» Assigned task: Reproduce, unchanged, the lines between the one holding "为制水系统提供的原水为厂区内自来水,进水压力0.3MPa(G)" and the last line of the records, including both ends, but no pictures.

» Exercise data:
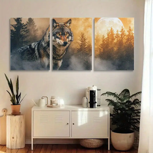 3pcs Piercing Yellow Eyes, Misty Forest & Moonlit Sky Design Metal Print Ready to Hang Art
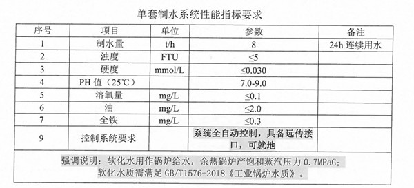 为制水系统提供的原水为厂区内自来水,进水压力0.3MPa(G)
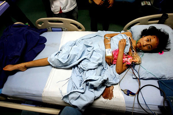 2008年5月18日,在四川省绵阳市第四十四医院的重症监护室,11岁的李月在病床上。李月的理想是当芭蕾舞蹈家,地震让她失去了一条腿。 作者:郭铁流 中国
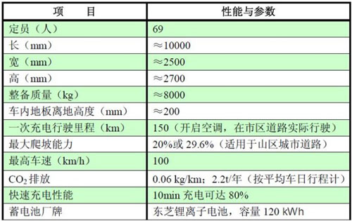 日本8輪驅(qū)動(dòng)電動(dòng)公交汽車的整車基本性能與參數(shù)表
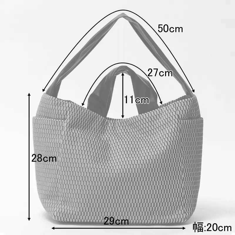肩掛け・手持ちのどちらにも対応する2way仕様で、シーンに合わせた持ち方が可能です。ハンドルを内側に織り込むと、トートバッグやワンショルダーバッグになります。太く柔らかな合皮のハンドルは、肩に掛けても食い込みにくく、荷物の重さを感じにくい設計。手に持ったときはバッグの口元を自然に覆うため、中身が見えにくいのも嬉しいポイントです。

» Answer space:
 为制水系统提供的原水为厂区内自来水,进水压力0.3MPa(G)
 2008年5月18日,在四川省绵阳市第四十四医院的重症监护室,11岁的李月在病床上。李月的理想是当芭蕾舞蹈家,地震让她失去了一条腿。 作者:郭铁流 中国
 日本8輪驅(qū)動(dòng)電動(dòng)公交汽車的整車基本性能與參數(shù)表
肩掛け・手持ちのどちらにも対応する2way仕様で、シーンに合わせた持ち方が可能です。ハンドルを内側に織り込むと、トートバッグやワンショルダーバッグになります。太く柔らかな合皮のハンドルは、肩に掛けても食い込みにくく、荷物の重さを感じにくい設計。手に持ったときはバッグの口元を自然に覆うため、中身が見えにくいのも嬉しいポイントです。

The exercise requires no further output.